Medicare prescription drug customers should closely study 2011 coverage options before they renew their plans, according to the research firm Avalere Health, which forecasts significant changes in the coming year.

Many plans have changed the drugs they cover or the amounts consumers pay, and more plans are adding steps like prior authorization, Avalere said Tuesday in an analysis released to The Associated Press. That means a prescription a consumer filled with little hassle in 2010 may come with a different price or may not be covered in 2011.

"More and more every year (plans) change, and that's why it's important for people to shop around," Avalere CEO Dan Mendelson said.

Consumers have until Dec. 31 to sign up for Medicare Part D prescription drug coverage as a stand-alone plan or as part of Medicare Advantage plans, which are privately run versions of the government's Medicare program. People also can sign up for coverage when they reach age 65 or become eligible for Medicare.

Insurers base their prescription drug coverage on formularies, or lists of drugs covered by their plan. Avalere said a total of 1,109 plans will be offered next year, and 2,314 drugs will appear on at least one formulary. But the percentage of those drugs covered by each plan varies widely among the biggest stand-alone prescription drug plans.

Insurers also are adding more pricing tiers to their plans to steer customer toward cheaper drugs. Their systems traditionally involved three tiers, one for less-expensive generic drugs and then categories for preferred and non-preferred branded drugs. But Avalere found that a growing percentage of plans -- 42 percent in 2011 compared to 27 percent in 2009 -- now use five tiers.

The additional tiers can break down generic and specialty drugs into new categories, which enables the plan to charge higher prices for some branded drugs or generics that aren't widely used.

Some plans also are trimming the lists of drugs they cover, as branded drugs lose patent protection from generic competition. Mendelson noted that the heartburn drug Prevacid was dropped by UnitedHealth's AARP Medicare RX Preferred plan, the largest standalone Part D plan with enrollment estimated at more than 4 million people next year.

Avalere said that plan trimmed more than 600 drugs from its formulary, which will have 1,764 in 2011. But Mendelson noted that many of the dropped drugs have generic equivalents that are still covered so customers aren't left without options.

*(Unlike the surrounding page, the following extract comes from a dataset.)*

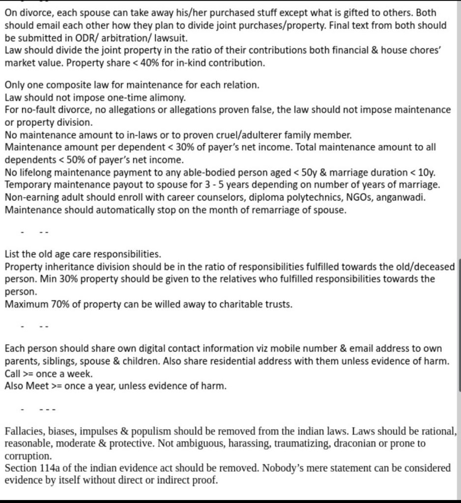 Added: Unify matrimonial litigations, more suggestions to FPC, forms for routine IAs, claim compensation for false allegations, aadhaar for fraud prevention,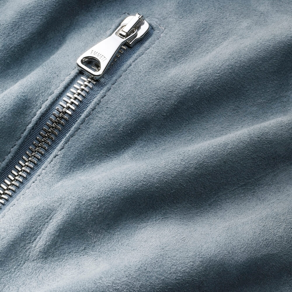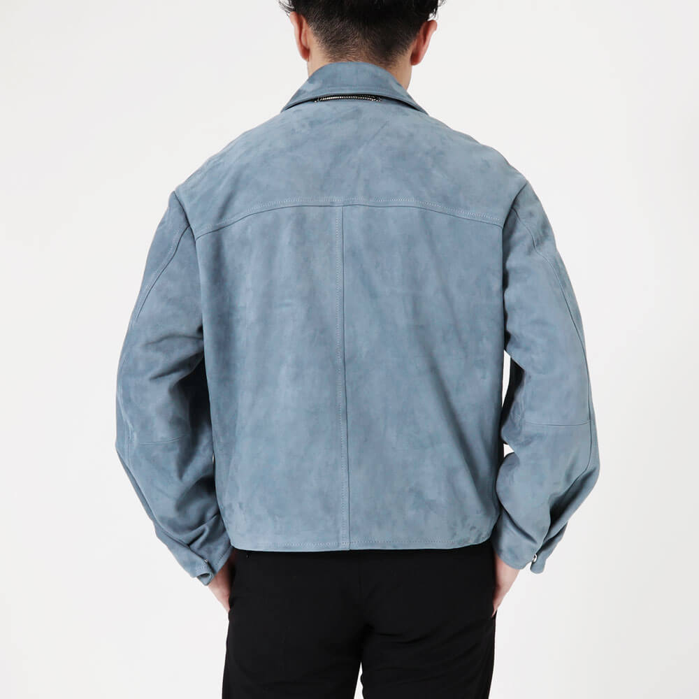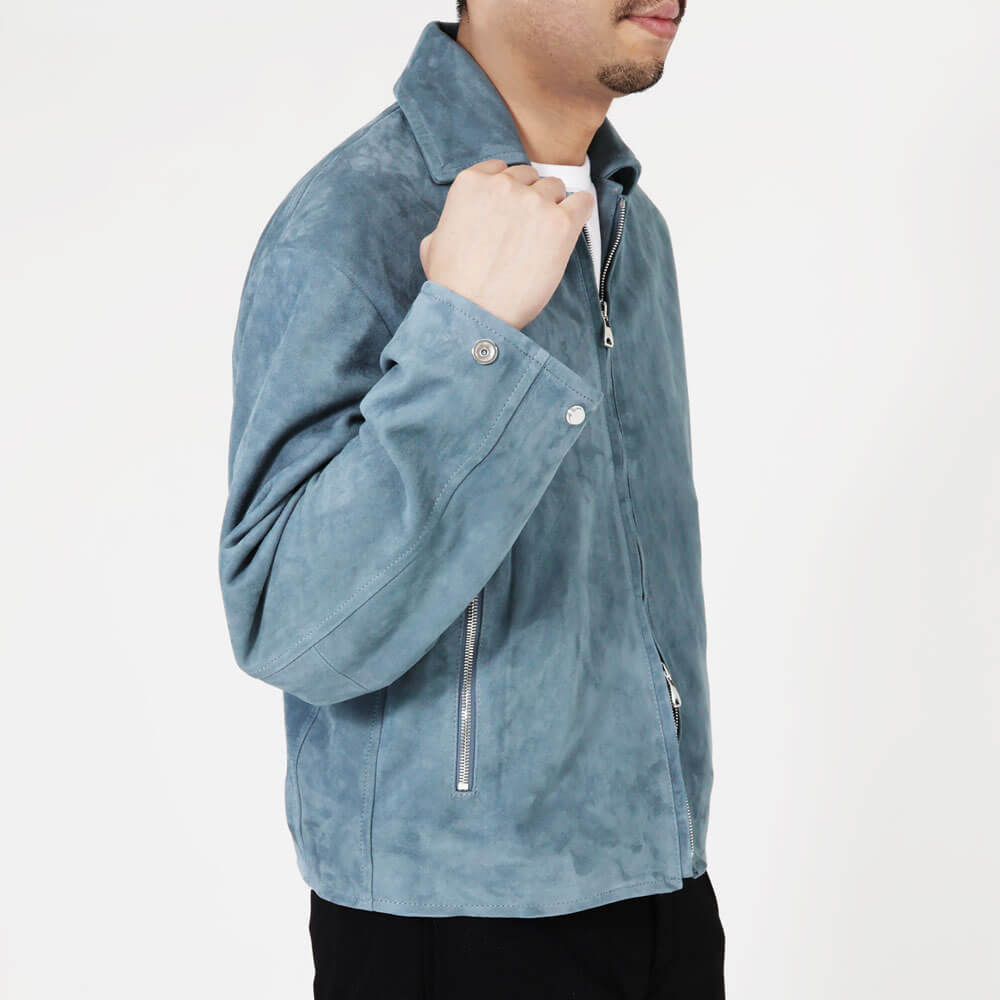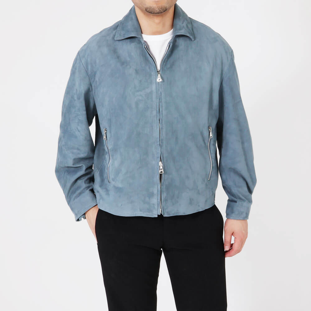 肩がドロップした丸みのあるフォルムに、着丈はあえて短めに設定。袖口はスナップボタン仕様で、シルエットに強弱をつけられるデザインです。オーバーサイズではなく、程よいメリハリが効いたバランスで、大人の色気を感じさせるのがこのブルゾンの魅力。スウェードの質感も非常にソフトで、見た目から上質さが伝わります。カットソーやニットの上から44サイズを着用し、ちょうど良いサイズ感でした。

Medicare Part D coverage started in 2006, and change has been a constant for the formularies in those plans, according to Judith Stein, executive director of the Center for Medicare Advocacy, a Connecticut-based consumer group. She said consumers need to check how a plan covers the particular dose they need for their medicine and not just the medicine itself before they settle on coverage.

"You may find good buy in a size 8 shoe, but if you wear a size 9, it's of no use to you," said Stein, who was not involved with the Avalere study.

She recommends using the Web site to check out plans.